A veces, el torero colocaba al burel en un tercio y se iba al tercio
opuesto, así el toro tenía que recorrer veinte o más metros para llegar a
Miguel. Cuanta más distancia, mejor, porque el contraste entre el
movimiento agresivo del toro y la absoluta inmovilidad del diestro se
acentuaba, mientras la amenaza de los pitones iba cubriendo inexorable
el espacio que separaba a ambos, retardando el desenlace y aumentando el
tiempo de la intriga, la incertidumbre y la angustia de los
espectadores, con lo que se multiplicaba el impacto que producía en
éstos.

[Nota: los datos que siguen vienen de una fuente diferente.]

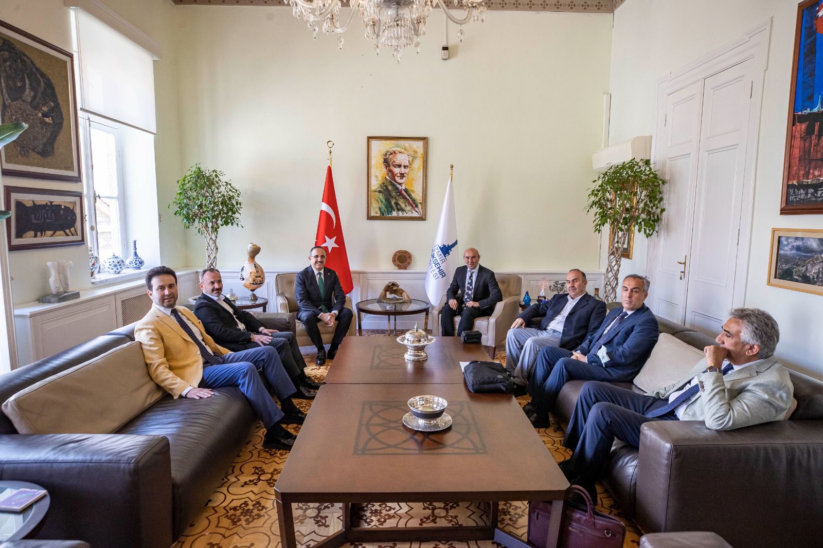 İzmir Büyükşehir Belediye Başkanı Tunç Soyer, AK Parti İzmir İl Başkanı Kerem Ali Sürekli ve beraberindeki heyeti ağırladı. Basmane Çukuru, mezarlık ve kentsel dönüşüm gibi kentin uzun süredir gündeminde yer alan konuların masaya yatırıldığı toplantıda ortak irade mesajı verildi. Görüşmeden umutlu olduğunu ifade eden Başkan Soyer, “Önemli olan müzakere masasının kurulmuş olmasıdır” dedi.
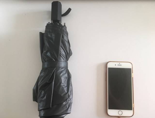 收傘之后的寬度只有6cm,大概只有蘋果6s手機的寬度那么大,長大概是手機的兩倍。

Este impacto todavía se potenciaba más si Litri ejecutaba la
suerte mirando al tendido o tenía que aguantar extraños o parones del
toro antes de que éste le llegara, cosa que superaba sin mover un
músculo ni alterar un ápice el gesto impenetrable de su cara.
Aunque el “litrazo” original es con la mano izquierda, posteriormente
Miguel también lo ejecutó con la derecha, pero la impresión que producía
esta variante no era tan intensa, tal vez porque, al llevar la muleta
armada con el estoque, no quedaba tan escondida tras el cuerpo del
diestro y eso restaba suspense a la misma.
*
Concluimos aquí este somero repaso de tres suertes triunfadoras; tres
suertes que fueron ardorosamente demandadas por el público cada vez que
cada uno de sus progenitores salía al ruedo, a sabiendas de que con
ellas sería conducido al prodigioso reino de las emociones.